We welcome writer Kerri Leigh Power as our guest blogger today.
I’ve never really understood how to strike a balance between “being” and “doing.” Lately I’ve had some help in this, since over the past year, health problems have made it hard for me to “do” much of anything. All the things I once did so easily—walking, driving, housework—have become daily challenges.
In my vigorous attempts to “fix” my body, I’ve been slowly brought to the realization that healing won’t come simply from more doing—more physiotherapy, more exercises, more medical treatments. I’m coming up against the limits of action, and it has occurred to me that perhaps I’m not in charge here. Maybe I’m being called to a relationship with my body that’s more about accepting, listening and being present, in compassion, than about making things “right.” In learning to be with what’s happening, rather than trying to rigidly control it, I feel a sense of ease that, ironically, is probably more conducive to healing.

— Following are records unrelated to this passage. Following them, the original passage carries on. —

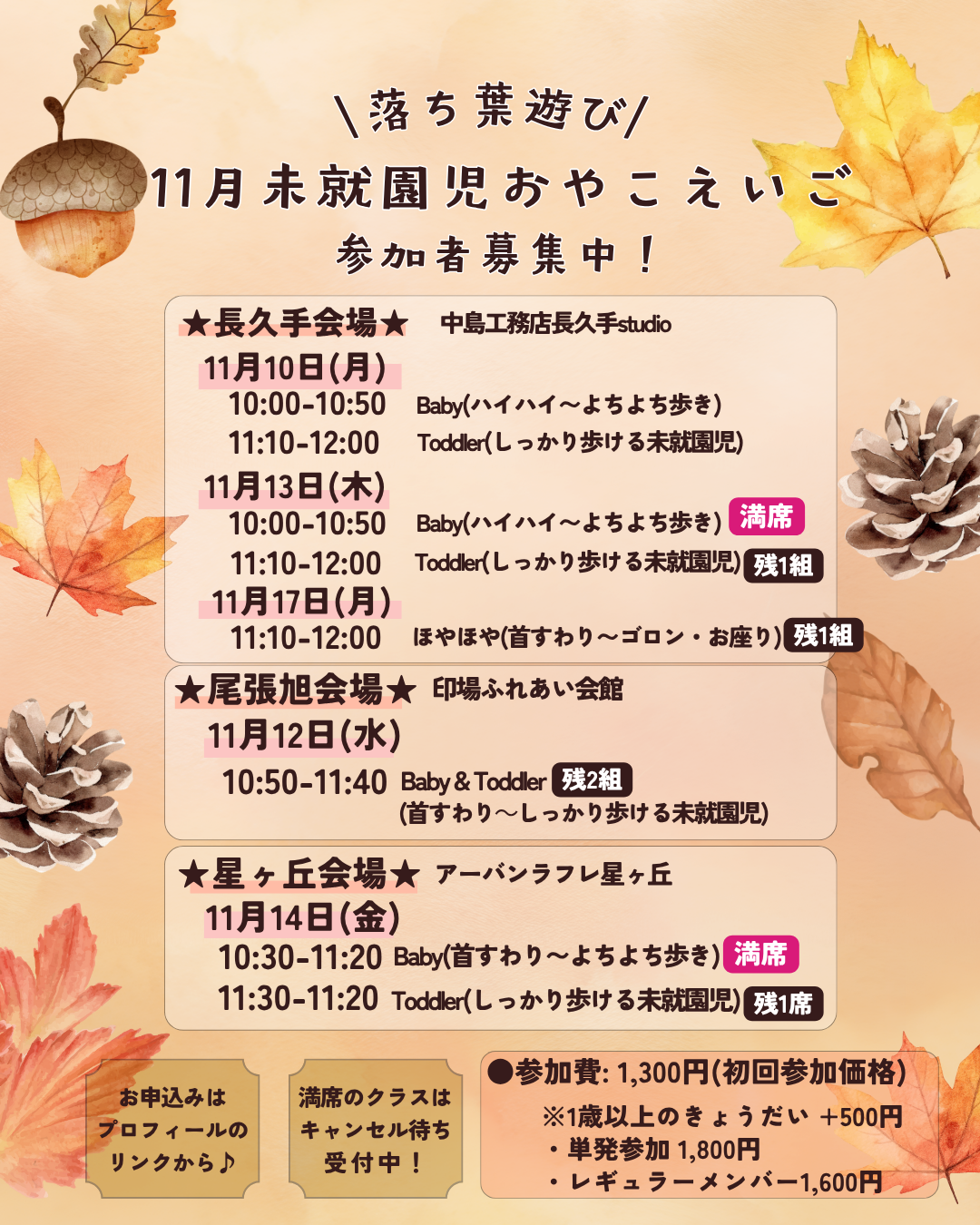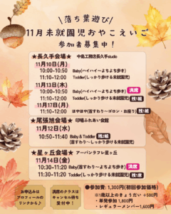 ※11/17は学校休みの為、講師の子ども(小3)も同伴させていただきます。
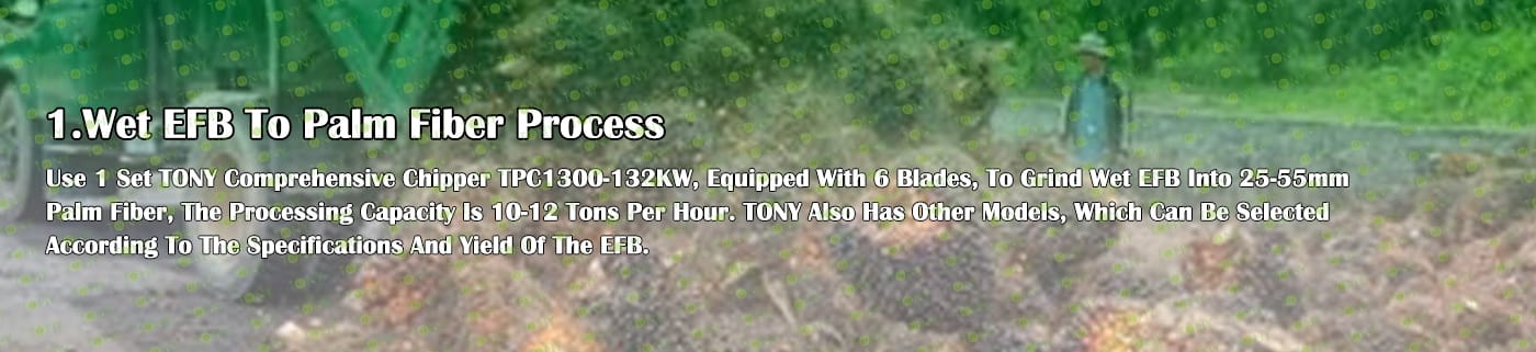 A. Този процес се използва главно за смилане на EFB в палмово влакно с размер 25-55 мм. Размерът на окончателното палмово влакно може да се регулира чрез промяна на различни размери на ситата и добавяне на летящи ножове в машината за дробене на дървесина.
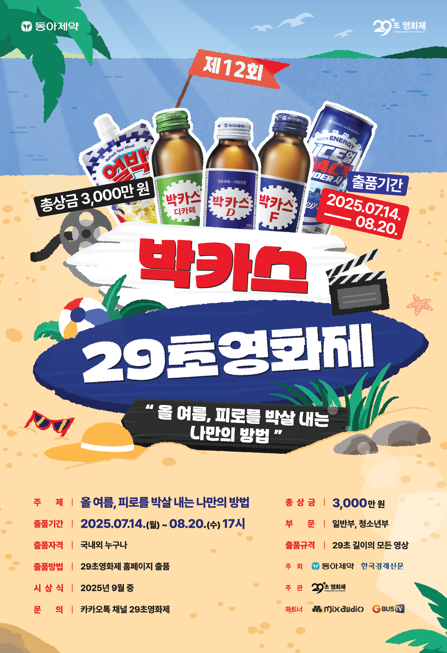 영상 제작에 관심 있는 분들은 물론이고, 평소에 창의적인 아이디어가 많으신 분들, 박카스 마니아 분들, 여름철 피로 회복에 관심 있으신 분들...등 누구든 도전해볼 수 있는 29초영화제인데요. 이번 29초영화제 주제가 "올 여름, 피로를 박살 내는 나만의 방법"이라서 다양하고 재미있는 영화제 작품들이 많이 나올 것 같습니다.
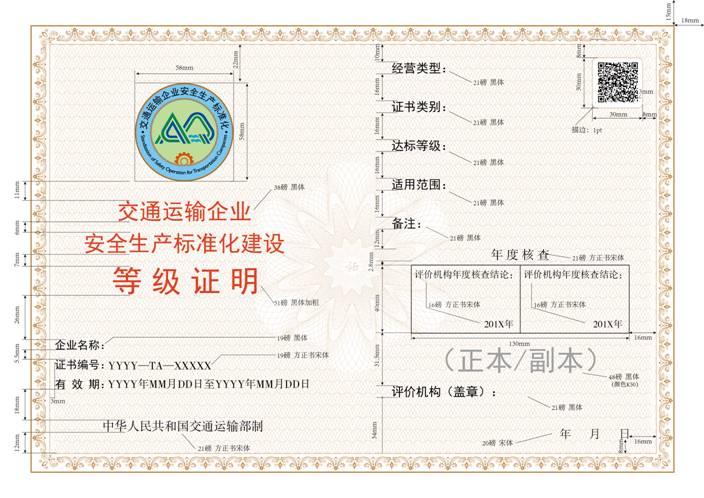 第三十条 交通运输企业安全生产标准化建设等级证明应按照交通运输部规定的统一样式制发,有效期3年。

I recently came across the following passage in Evelyn Underhill’s short but rich little book The Spiritual Life. As a writer, I liked that she used a grammar reference when describing how we struggle to create meaning and coherence in our scattered lives:
“We mostly spend those lives conjugating three verbs: to Want, to Have, and to Do. Craving, clutching, and fussing… we are kept in perpetual unrest, forgetting that none of these verbs have any ultimate significance, except so far as they are transcended by, and included in, the fundamental verb, to Be, and that Being, not wanting, having and doing, is the essence of a spiritual life.” (p. 43)
How do you strike a balance between being and doing? Have you had experiences that jolted you out of compulsive “doing” and forced you to just “be”?